Due to the ridge-finding algorithm’s presumption of continuity, instances when the mouse ceased breathing for extended periods introduced artifacts of spuriously high or low breathing rates. In practice, however, these rates would be easily identified by masking the breathing rate based on the energy thresholding approach described in Appendix B.

4.

Discussion

We have demonstrated a method to recover breathing dynamics from imaging sequences with high temporal resolution, even in scenarios with changing illumination and contrast. The periodic respiratory motion is readily recoverable through a simple algorithm and yields breathing information that strongly recapitulates objectively validated data.

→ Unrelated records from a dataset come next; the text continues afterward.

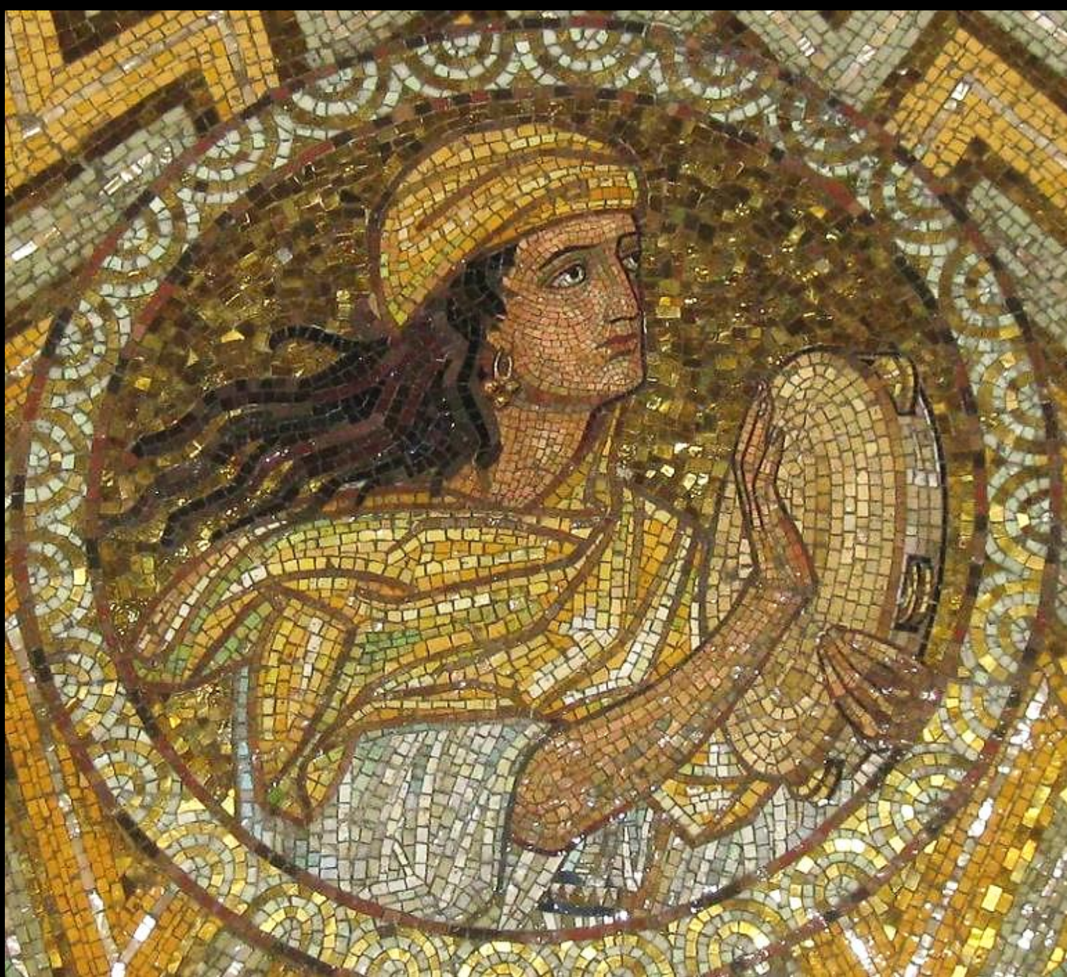
Miriam Dormition Church Mt. Zion, Jerusalem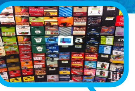
Gift Card > Programs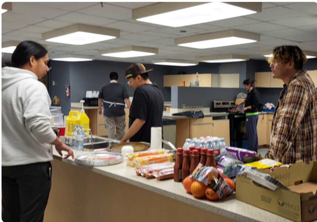
Prepping pizza for community workshop participants

Beyond the financial literacy component, this program also gave participants a chance to connect with one another and with United for Literacy staff and counsellors. After the workshop, staff, counsellors, and parents all worked together to prepare and enjoy a pizza supper!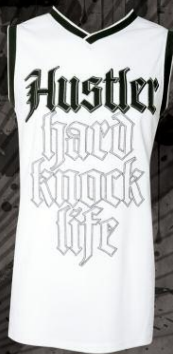
MP1005 HARD KNOCK LIFE JERSEY WHITE 100% POLYESTER M-2XL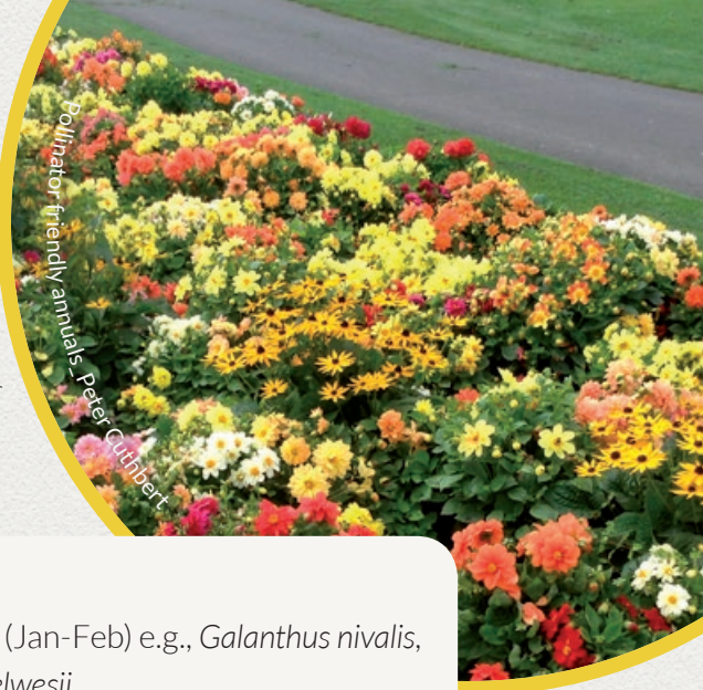
Pollinator friendly annuals - Peter Cuthbert

Daffodils or Tulips are not a good source of food for pollinators. Bees will only use Daffodils if there are no other food sources available.

The method, as presented, is quite rudimentary yet captures a substantial amount of information pertaining to respiratory physiology. Extensions are manifold, ranging from more sophisticated edge filtering to online SSWT analysis,20 any of which could substantially improve practicality without necessarily adding to the difficulty of implementation. We implemented the method in the image domain, although most imaging methods acquire their data in some other signal domain. Nevertheless, similar processing may take place in the signal domain by comparing variation between datasets. Additional processing, such as retrospective clustering or dynamic resampling of high-motion frames, could be performed using the MSE signal as a feature, allowing for lower-complexity clustering problems. The MSE signal may also be used as a criterion for motion correction, by removing high-MSE images from the dataset which is then averaged, as shown in Fig. 3.

Fig. 3

Comparison of averaged images (a) without (N=32) and (b) with (N=12) removal of image frames exceeding the first quartile of the MSE distribution. Improved resolution due to decreased blurring may clearly be seen, particularly in regions with rich vascular structure (insets). The images are pooled from the 800-nm channel of the first 300 image frames of Video 1.

JBO_23_5_056011_f003.png

TBD is context agnostic and could be applied to MRI, CT, ultrasound, or any other imaging modality that provides tomographic images, including other, three-dimensional implementations of photoacoustic imaging,21 particularly those which record data at near-real-time rates.22 The application of the SSWT for the purposes of breathing detection may be applied to any data that capture the motion of the chest wall, such as laser range-finding or pressure transducers coupled to the imaging water bath.5 Notably, the process is quite flexible and requires relatively little parameter tuning; many different image filters accomplish the task of recovering a suitable MSE signal. Furthermore, the method preserves locality; many other methods correlate images across an entire dataset to provide motion correction,5,6 which is unsuitable for imaging dynamic effects, though some methods have adopted other sophisticated processing methods to improve spatiotemporal resolution.22

The method has additional application to anesthetic depth monitoring. A classification of anesthetic depth was provided by Thomas et al.,13 Bhargava et al.,14 and Guedel et al.23 and separates progression of anesthetic effect into four planes. Of particular note is that plane II is a highly chaotic state providing a poor baseline, characterized by irregular breathing and a generally unstable breathing rate, whereas breathing in plane III is much more stable and regular and, therefore, preferable for experiments, especially those which probe oxygenation status as an experimental covariate.12

The effects of varying anesthesia in the isoflurane challenge as shown in Fig. 2 are notable: the transition from 1.5% to 2.0% isoflurane is marked by a substantial drop in mean respiratory rate, as well as an increase in regularity. This likely corresponds to the animal achieving a deeper plane of anesthesia, transitioning from planes II to III. Even within plane III, variations in breathing rate in response to changes in isoflurane concentration may be noted, particularly at the 25-min mark. The transition from planes III to II, i.e., to a more mild state of anesthesia, is seen at 30 min after switching to 1.5% isoflurane. The ability to track animal respiration, potentially in real time, opens possibilities for more standardized experimental protocols, as well as accounting for varying anesthetic sensitivity between groups and individuals. Moreover, by forming a quantitative signal of respiratory rate, a feedback system could be developed, which varies the level of anesthetic delivered to a subject to achieve a given respiratory rate.

Appendices

Appendix A:

Details of Image Analysis

Images are first high-pass filtered to remove contrast information, as two consecutive images may be taken with different contrast parameters/wavelengths without having substantial motion.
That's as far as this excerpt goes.